Currently, the ABA’s rules say law students may take no more than a third of their classes online in order to graduate, and no more than 10 distance education credits during their first year. The law school accrediting body, however, has relaxed those limits during the COVID-19 pandemic.
“We definitely will be looking at and deciding, ‘Should we expand what we currently permit? Should we just remove the limits completely? Should we think about other regulations to ensure it’s being done well?’” Adams said.

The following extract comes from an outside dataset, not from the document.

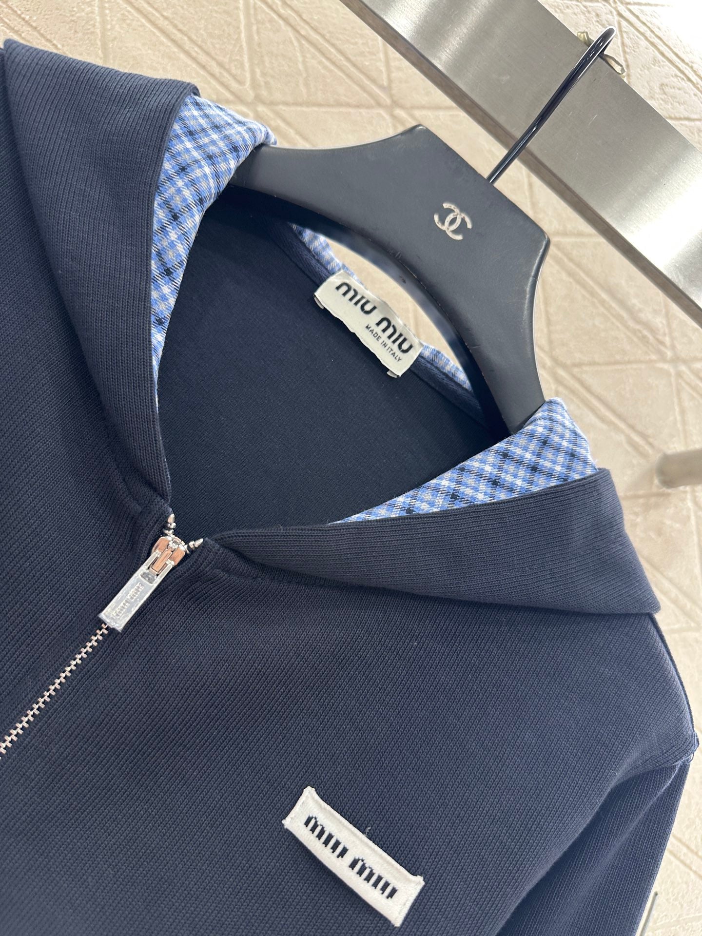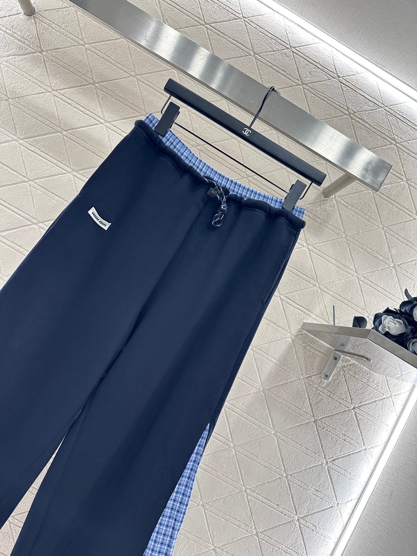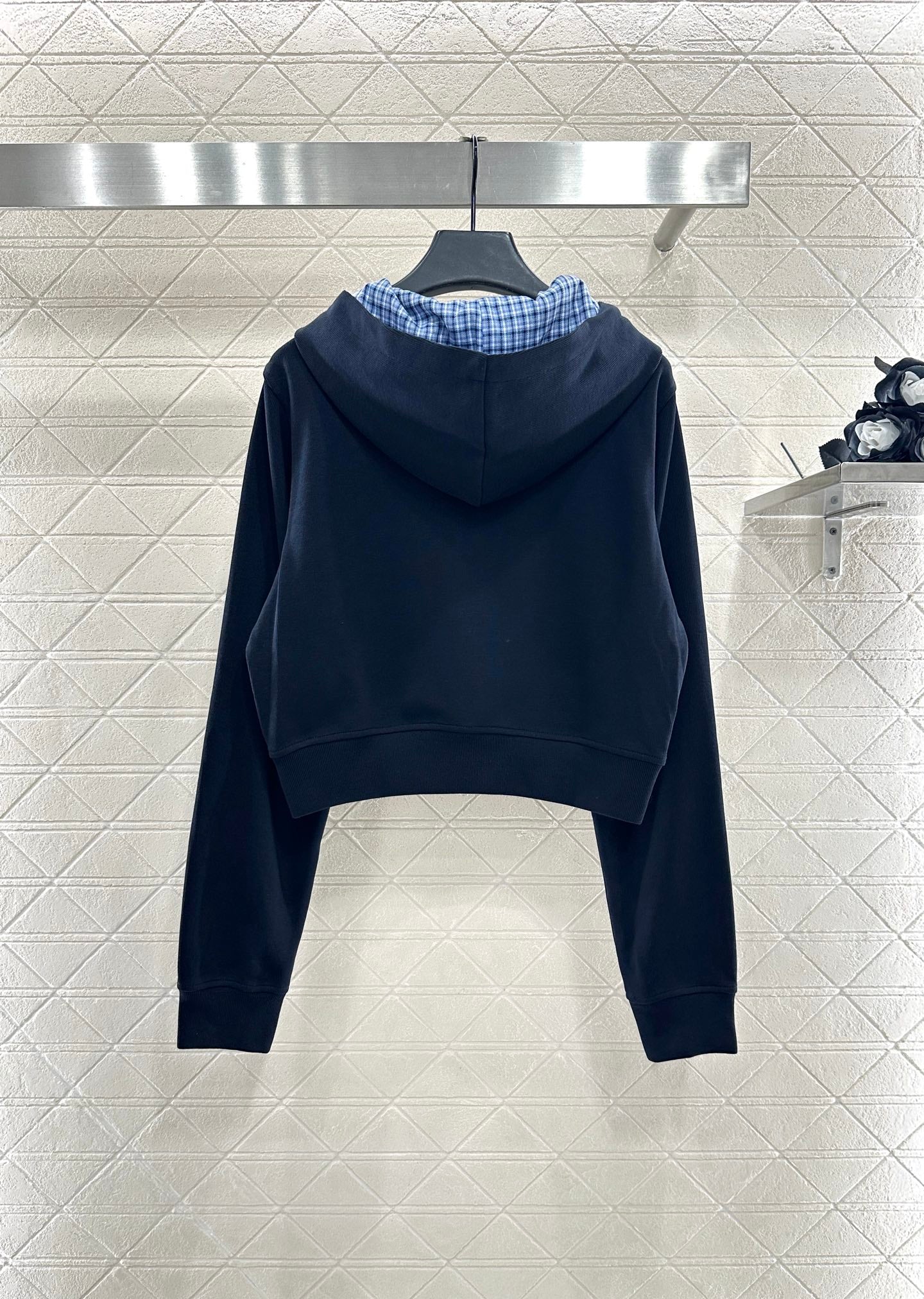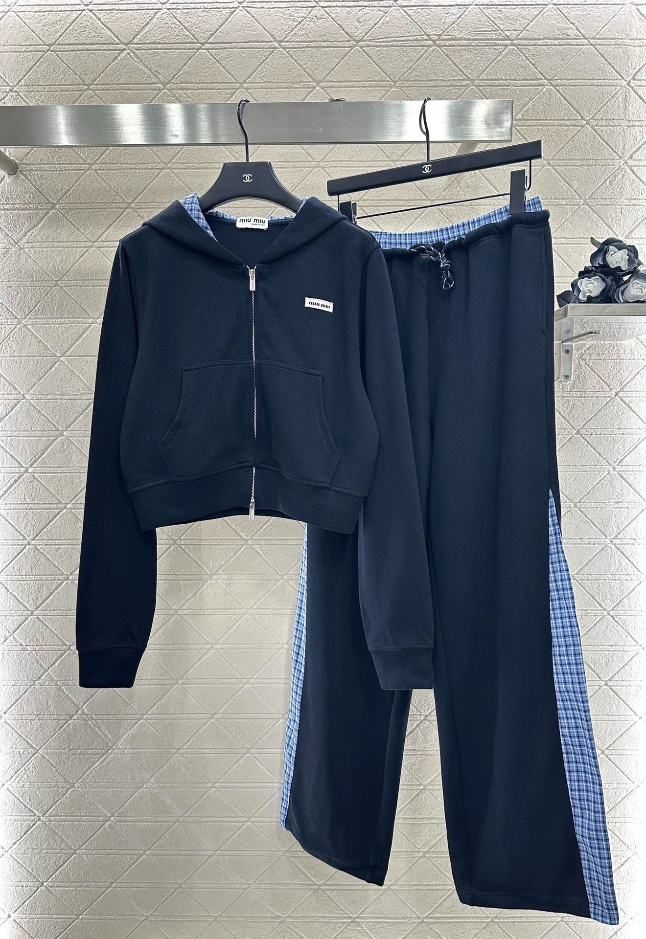 Made of all cotton material, with a glossy texture and a high-end appearance, this loose short hooded jacket features a zipper opening adjustment and a hat collar with a grid pattern that exudes a casual feel. The chest is adorned with a letter logo, highlighting the brand's tone. Paired with wide leg straight leg pants of the same series, the waist has a twisted floral drawstring that is elastic and stylish, and the waist and side pants have grid patterns that complement each other. It is simple yet stylish, making it easy to handle for daily commuting

Law schools have largely returned to in-person learning but are offering more latitude for remote classes than before the pandemic, in part to accommodate professors and students with health risks.
Among the survey respondents, 76% said the ABA should not differentiate between credits earned from in-person classes, and those earned through distance learning ones.
But not all distance education formats are created equal, according to the survey. While a slight majority said they would prefer “Zoom”-type classes where all students are online together over in-person classes, 58% said they would opt for an in-person class over the type of online class completed on a student’s own schedule without real-time lessons.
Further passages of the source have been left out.